Metadata-Version: 2.2
Name: threshopt
Version: 0.1.0
Summary: Automatic threshold optimization for binary classifiers.
Home-page: https://github.com/salvo-zizzi/threshopt
Author: Salvatore Zizzi
Author-email: Salvatore Zizzi <salvo.zizzi@gmail.com>
License: Apache-2.0
Project-URL: Homepage, https://github.com/salvo-zizzi/threshopt
Requires-Python: >=3.7
Description-Content-Type: text/markdown
License-File: LICENSE
Requires-Dist: scikit-learn
Requires-Dist: matplotlib
Requires-Dist: numpy
Dynamic: author
Dynamic: home-page
Dynamic: requires-python

# threshopt

**Threshold Optimization Library for Binary Classification**

`threshopt` is a lightweight Python library designed to help find the optimal decision threshold for binary classifiers, improving model performance by customizing the threshold instead of relying on the default 0.5.
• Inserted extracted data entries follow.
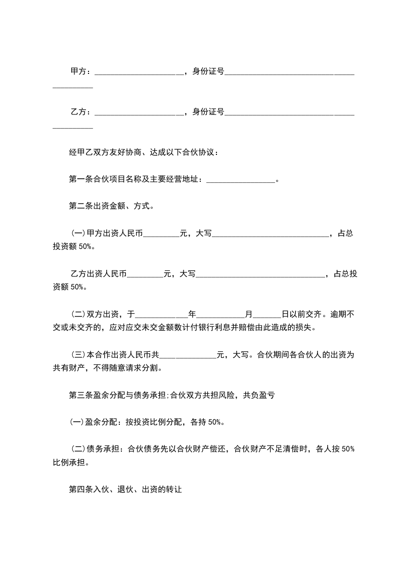 2、其他业务员人员由甲、乙双方共同商定委派或向社会招聘来确定。 第五条 合作人如退出经营需提前一个月告知其他合作人并经双方一致同意后,合作人方可以退出合作经营。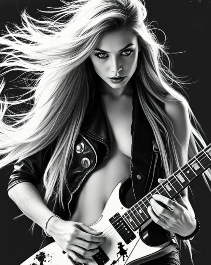 This image shows a blonde woman with long hair playing a guitar. The photo is monochromatic with an 80s vintage metal collage aesthetic, featuring a grainy texture and provocative pose.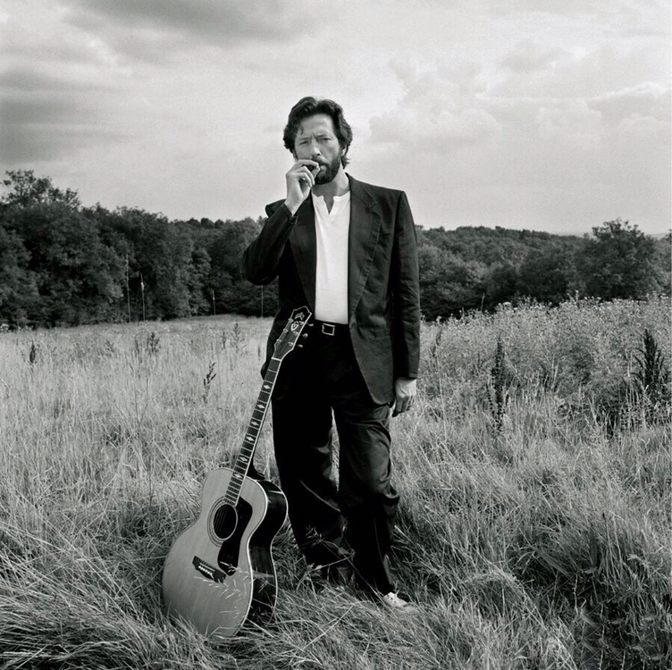 以前看到的现在找不到了,eric年轻时候的,站在草地上,脚边放一把木吉他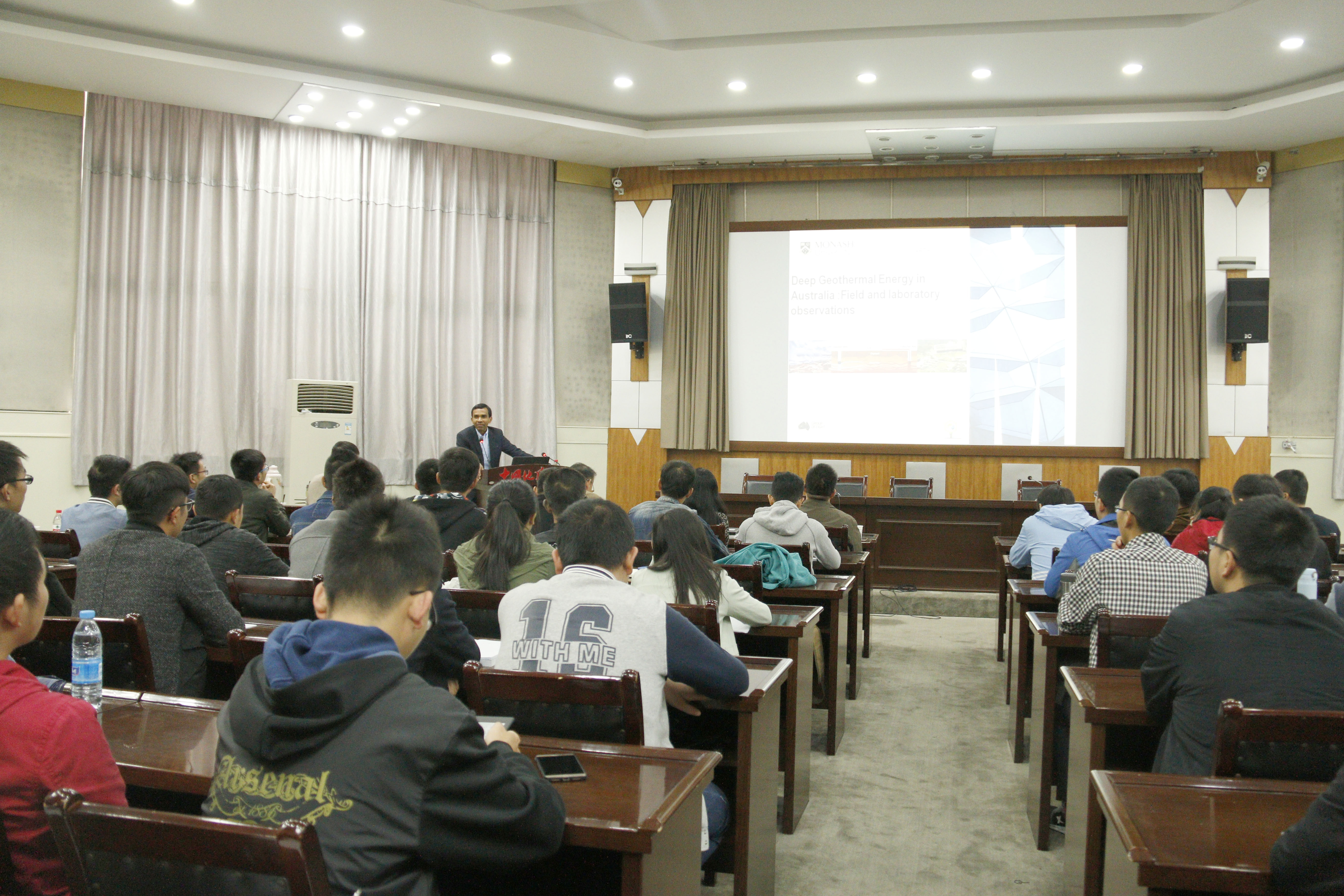 10月17日下午,澳大利亚莫纳什大学深部地球能源实验室主任Ranjith Pathegama Gamage教授来校作了主题为“Enhanced Geothermal Energy prospects in Australia: Field and laboratory observations”的学术报告。2138太阳集团官网院长焦玉勇教授主持了报告会,学院200余名师生聆听了报告。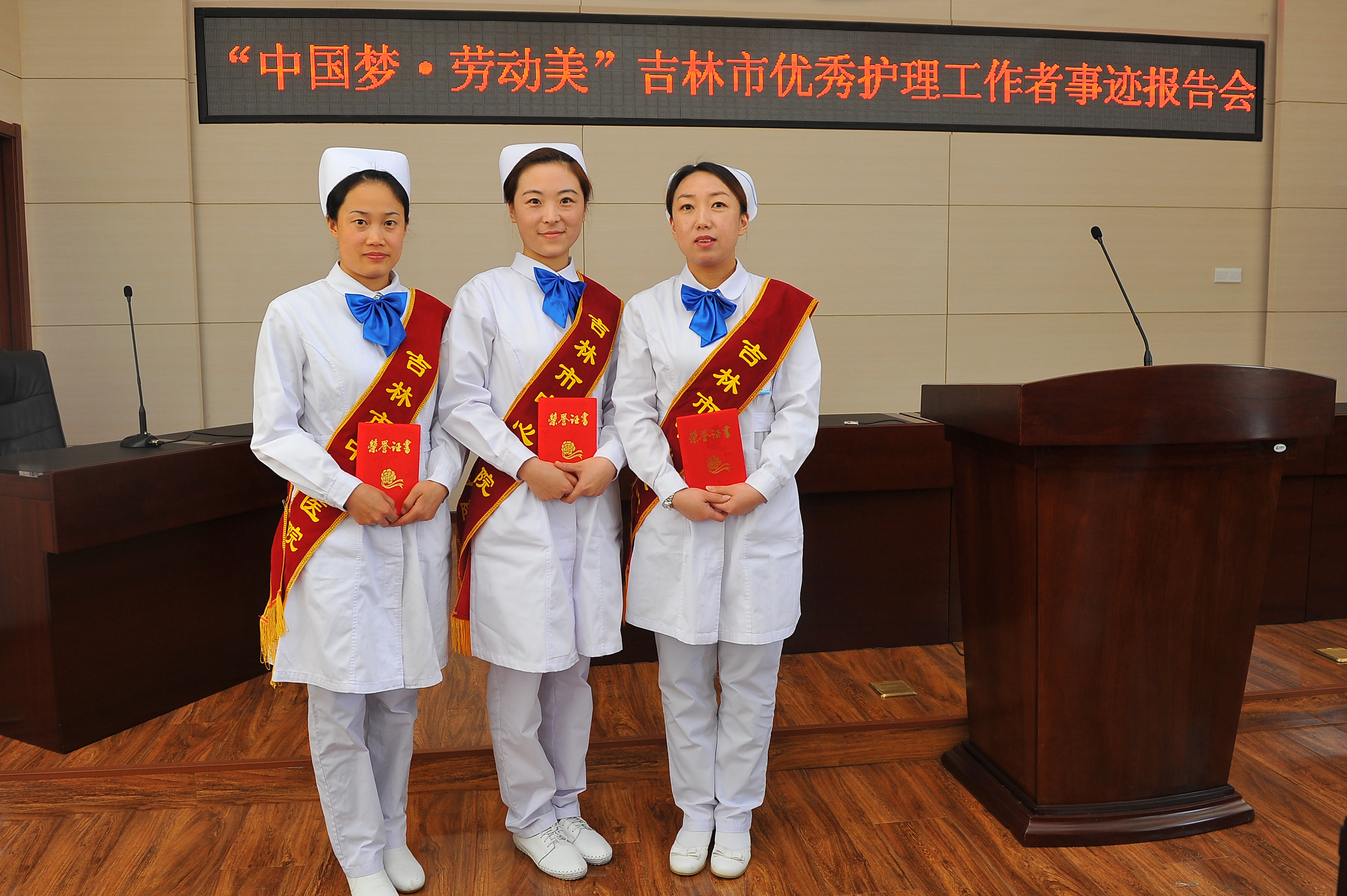 5月9日在第103个国际护士节到来之际,吉林市教科文卫体系统工会、吉林市卫生局党委办公室在市总工会会议厅联合举办“中国梦、劳动美”优秀护理工作者表彰大会暨先进事迹报告会。会上对在全市护理岗位上涌现出的32位优秀白衣天使进行了表彰。

------------------------------------------------------------------------

## Features

-   Optimize decision thresholds based on any metric (e.g. accuracy, F1-score, G-Mean, Youden’s J)\
-   Supports cross-validation threshold optimization for robust model tuning\
-   Easy integration with any scikit-learn compatible model\
-   Built-in common metrics and ability to use custom metrics\
-   Visualize confusion matrices and prediction score distributions (optional)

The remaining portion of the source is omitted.